**Dataset records**
------------------------------------------------------------

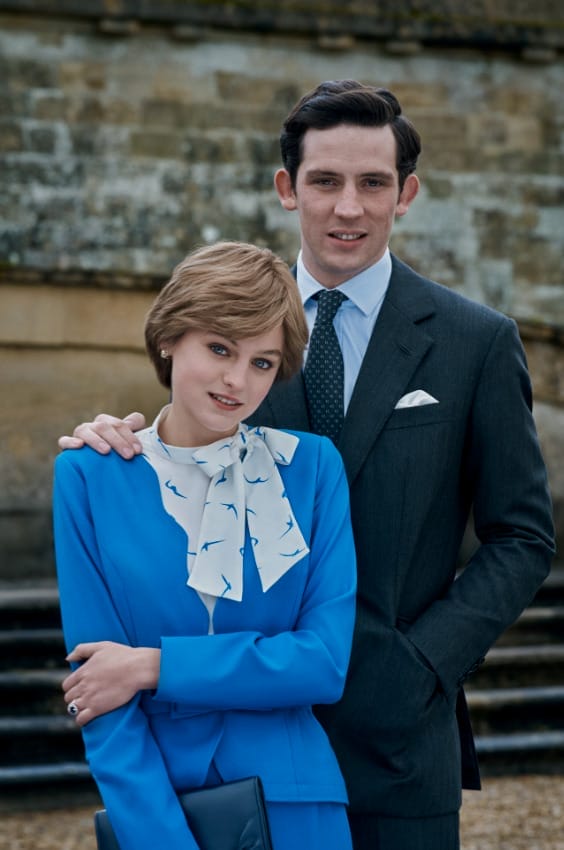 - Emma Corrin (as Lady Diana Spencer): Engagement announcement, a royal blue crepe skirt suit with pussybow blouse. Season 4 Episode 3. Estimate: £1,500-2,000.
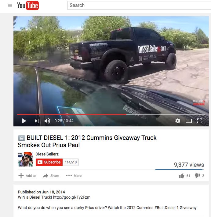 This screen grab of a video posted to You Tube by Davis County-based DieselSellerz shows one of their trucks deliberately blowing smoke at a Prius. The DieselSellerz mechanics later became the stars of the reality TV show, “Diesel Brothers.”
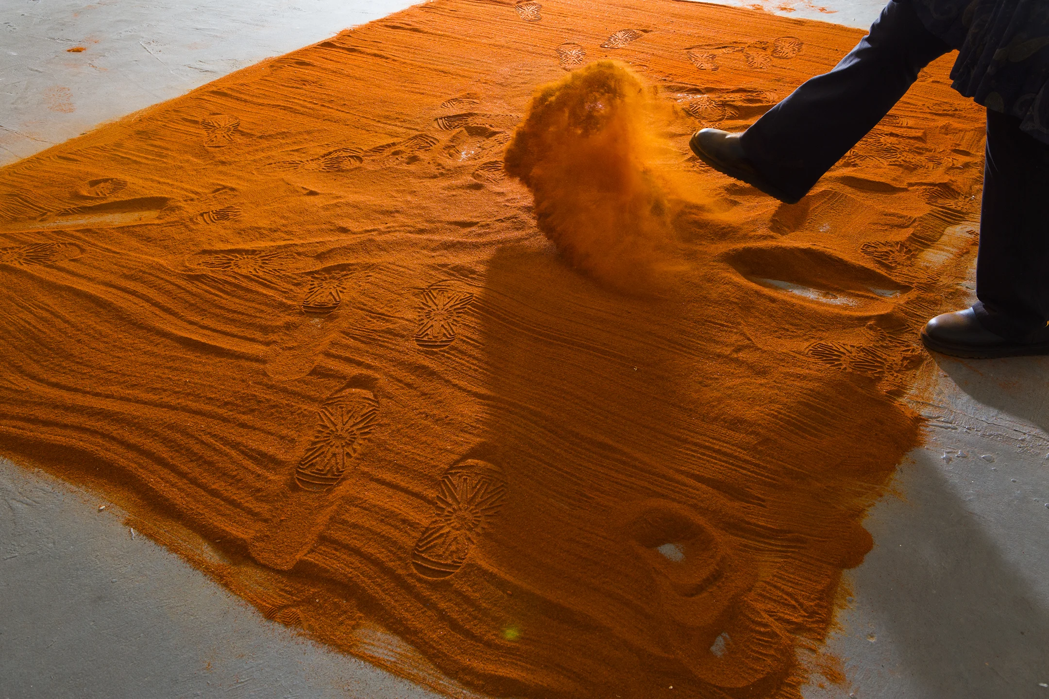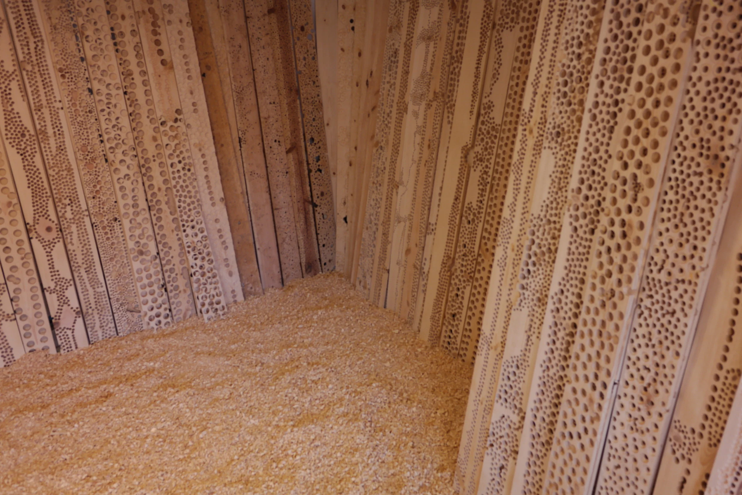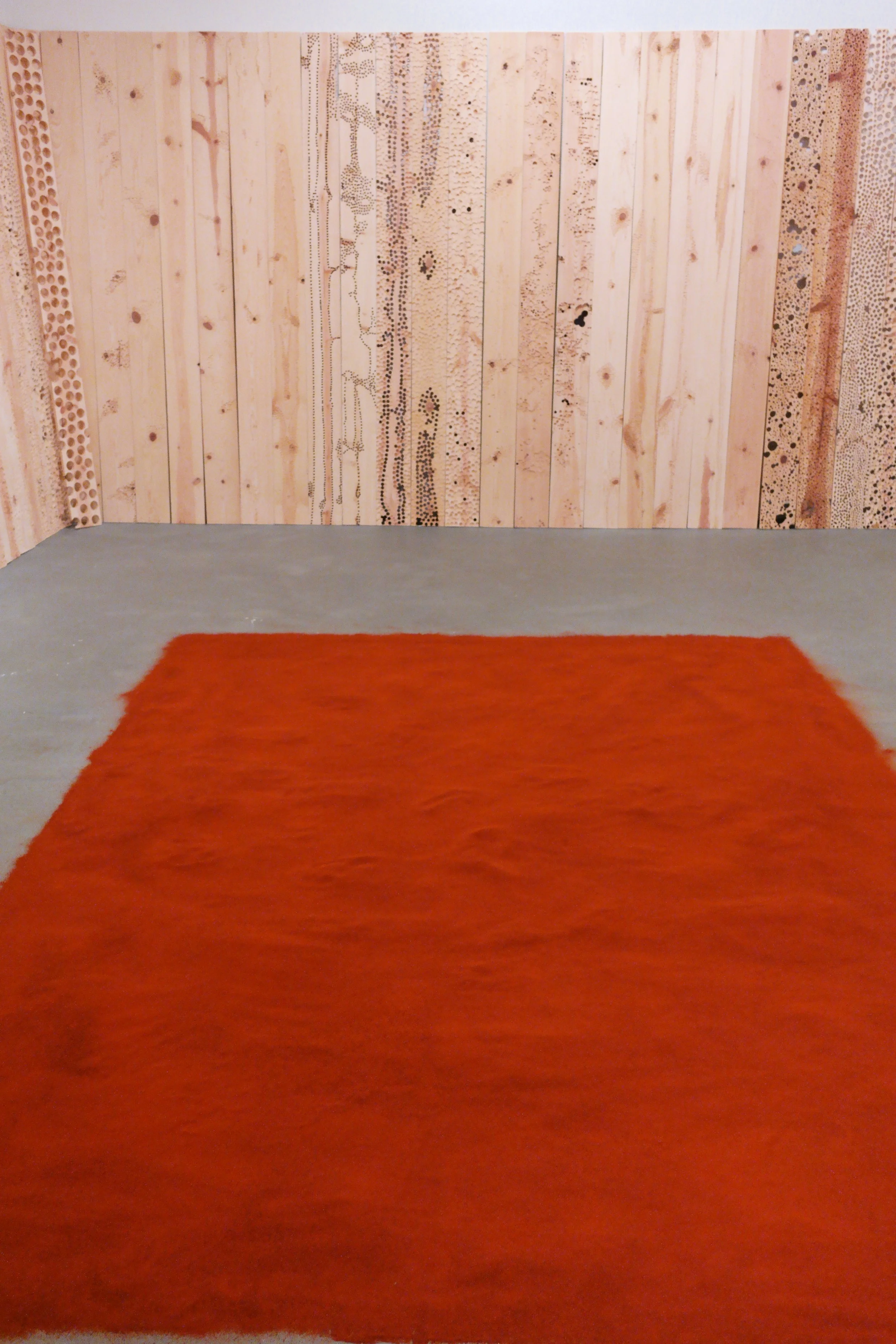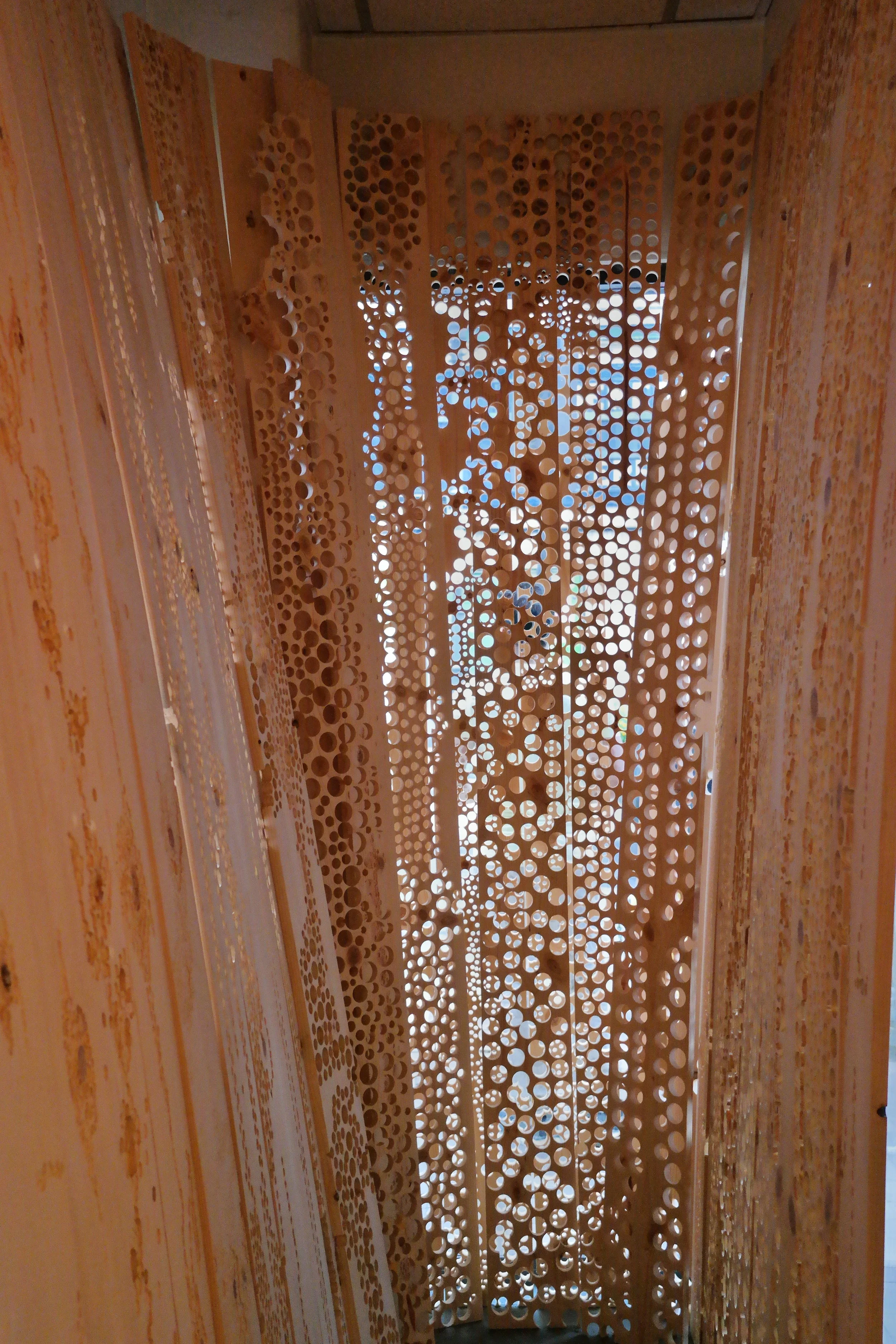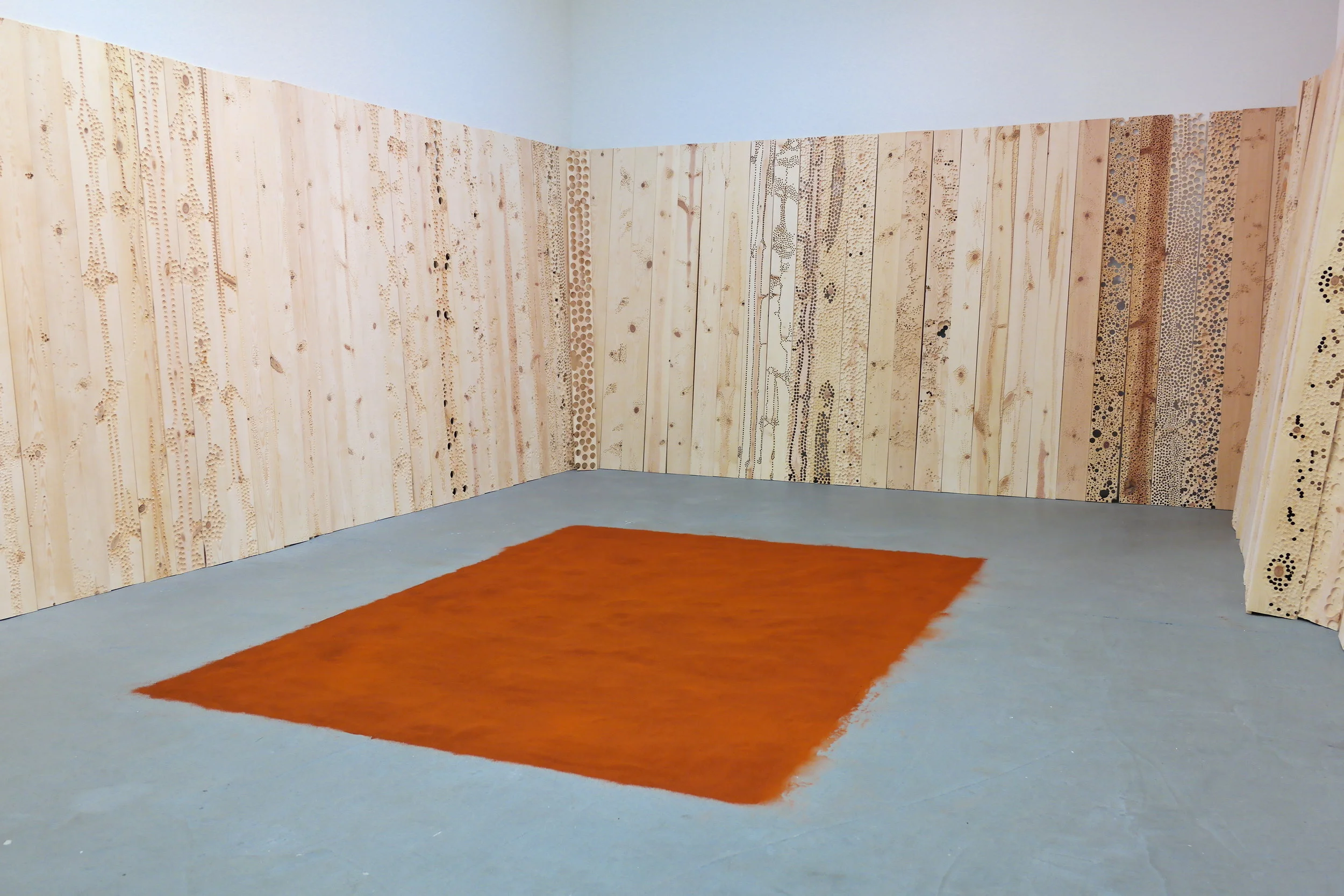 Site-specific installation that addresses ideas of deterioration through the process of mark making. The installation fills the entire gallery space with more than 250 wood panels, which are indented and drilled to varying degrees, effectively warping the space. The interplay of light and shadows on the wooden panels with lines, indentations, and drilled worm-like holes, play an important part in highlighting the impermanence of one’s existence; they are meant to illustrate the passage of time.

------------------------------------------------------------

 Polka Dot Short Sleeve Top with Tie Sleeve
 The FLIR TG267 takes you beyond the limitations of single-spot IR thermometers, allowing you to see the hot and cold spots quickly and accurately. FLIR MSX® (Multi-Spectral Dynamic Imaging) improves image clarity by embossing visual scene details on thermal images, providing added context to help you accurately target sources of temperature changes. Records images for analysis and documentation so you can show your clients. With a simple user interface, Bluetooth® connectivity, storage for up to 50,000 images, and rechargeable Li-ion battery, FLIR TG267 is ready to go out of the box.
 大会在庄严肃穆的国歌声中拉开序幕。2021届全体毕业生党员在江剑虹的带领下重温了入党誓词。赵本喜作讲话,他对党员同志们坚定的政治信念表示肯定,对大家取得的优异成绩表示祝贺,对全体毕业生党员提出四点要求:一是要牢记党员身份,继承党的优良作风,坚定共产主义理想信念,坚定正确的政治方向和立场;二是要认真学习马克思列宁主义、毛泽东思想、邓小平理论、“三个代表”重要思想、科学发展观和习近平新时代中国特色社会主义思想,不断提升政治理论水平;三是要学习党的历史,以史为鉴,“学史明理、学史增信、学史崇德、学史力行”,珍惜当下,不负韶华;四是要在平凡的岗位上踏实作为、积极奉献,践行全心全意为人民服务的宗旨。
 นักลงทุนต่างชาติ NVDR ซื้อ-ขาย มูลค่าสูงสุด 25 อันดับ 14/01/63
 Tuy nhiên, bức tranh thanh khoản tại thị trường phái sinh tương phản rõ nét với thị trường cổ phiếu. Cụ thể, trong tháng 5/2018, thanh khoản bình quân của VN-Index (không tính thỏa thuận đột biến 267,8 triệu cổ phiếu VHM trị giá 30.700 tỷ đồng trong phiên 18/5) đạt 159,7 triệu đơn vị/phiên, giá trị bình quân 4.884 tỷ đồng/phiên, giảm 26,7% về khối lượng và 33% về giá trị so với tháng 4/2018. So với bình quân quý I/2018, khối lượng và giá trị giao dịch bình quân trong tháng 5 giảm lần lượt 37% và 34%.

------------------------------------------------------------

**Exercise**
Print the part of the listing above that opens with the line containing "- Emma Corrin" and closes with the line containing "This screen grab". Copy it exactly, both ends included, and omit the pictures.

**Result of the exercise**
 - Emma Corrin (as Lady Diana Spencer): Engagement announcement, a royal blue crepe skirt suit with pussybow blouse. Season 4 Episode 3. Estimate: £1,500-2,000.
 This screen grab of a video posted to You Tube by Davis County-based DieselSellerz shows one of their trucks deliberately blowing smoke at a Prius. The DieselSellerz mechanics later became the stars of the reality TV show, “Diesel Brothers.”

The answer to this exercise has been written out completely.